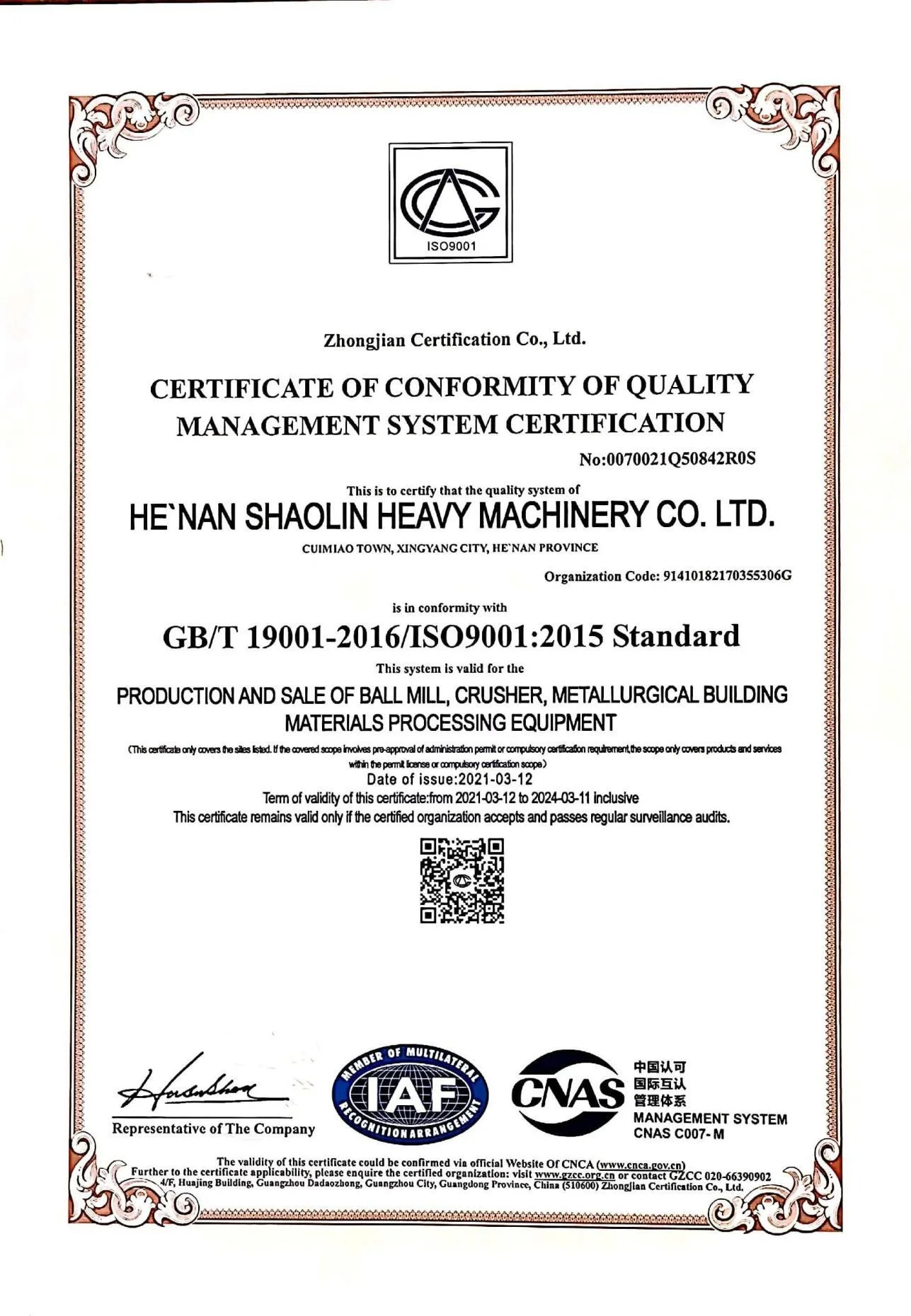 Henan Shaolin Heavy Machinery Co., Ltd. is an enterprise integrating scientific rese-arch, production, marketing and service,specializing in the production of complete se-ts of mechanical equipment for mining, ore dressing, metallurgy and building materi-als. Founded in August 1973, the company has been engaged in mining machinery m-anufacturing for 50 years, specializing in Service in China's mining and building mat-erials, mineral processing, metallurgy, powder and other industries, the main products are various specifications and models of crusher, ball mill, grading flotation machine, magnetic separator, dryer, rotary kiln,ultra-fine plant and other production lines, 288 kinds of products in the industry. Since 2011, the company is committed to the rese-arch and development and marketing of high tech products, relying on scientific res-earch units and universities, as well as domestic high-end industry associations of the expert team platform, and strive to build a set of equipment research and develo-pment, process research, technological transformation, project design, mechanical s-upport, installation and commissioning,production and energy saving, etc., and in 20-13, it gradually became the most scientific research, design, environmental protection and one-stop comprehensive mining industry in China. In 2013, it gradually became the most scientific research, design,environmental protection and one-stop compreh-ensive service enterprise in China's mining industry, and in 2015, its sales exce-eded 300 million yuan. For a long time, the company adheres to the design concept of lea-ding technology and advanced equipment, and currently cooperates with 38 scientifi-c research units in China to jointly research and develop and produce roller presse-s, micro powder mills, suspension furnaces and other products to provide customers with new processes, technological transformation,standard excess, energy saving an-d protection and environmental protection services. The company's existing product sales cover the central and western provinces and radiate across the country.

● ● ● ● ●

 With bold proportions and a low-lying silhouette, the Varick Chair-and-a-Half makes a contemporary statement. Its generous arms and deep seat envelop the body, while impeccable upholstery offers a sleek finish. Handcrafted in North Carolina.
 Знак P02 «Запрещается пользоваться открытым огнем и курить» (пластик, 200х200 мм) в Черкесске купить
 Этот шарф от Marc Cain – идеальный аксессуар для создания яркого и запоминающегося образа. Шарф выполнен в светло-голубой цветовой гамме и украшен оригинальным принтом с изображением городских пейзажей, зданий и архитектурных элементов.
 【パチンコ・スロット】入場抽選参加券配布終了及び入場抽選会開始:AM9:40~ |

● ● ● ● ●

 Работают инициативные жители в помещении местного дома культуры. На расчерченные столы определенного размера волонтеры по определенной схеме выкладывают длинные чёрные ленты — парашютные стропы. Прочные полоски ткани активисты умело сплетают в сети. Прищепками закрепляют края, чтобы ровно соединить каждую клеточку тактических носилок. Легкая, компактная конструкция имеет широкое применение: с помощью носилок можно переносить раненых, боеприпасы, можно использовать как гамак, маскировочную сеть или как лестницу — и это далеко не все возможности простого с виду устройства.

● ● ● ● ●

WHAT IS REQUIRED:
Set down exactly the lines of the data above, beginning with the line that has "в Черкесске купить" and ending with the line that has "Этот шарф от", and no others.

OUTPUT FOR THIS EXERCISE:
 Знак P02 «Запрещается пользоваться открытым огнем и курить» (пластик, 200х200 мм) в Черкесске купить
 Этот шарф от Marc Cain – идеальный аксессуар для создания яркого и запоминающегося образа. Шарф выполнен в светло-голубой цветовой гамме и украшен оригинальным принтом с изображением городских пейзажей, зданий и архитектурных элементов.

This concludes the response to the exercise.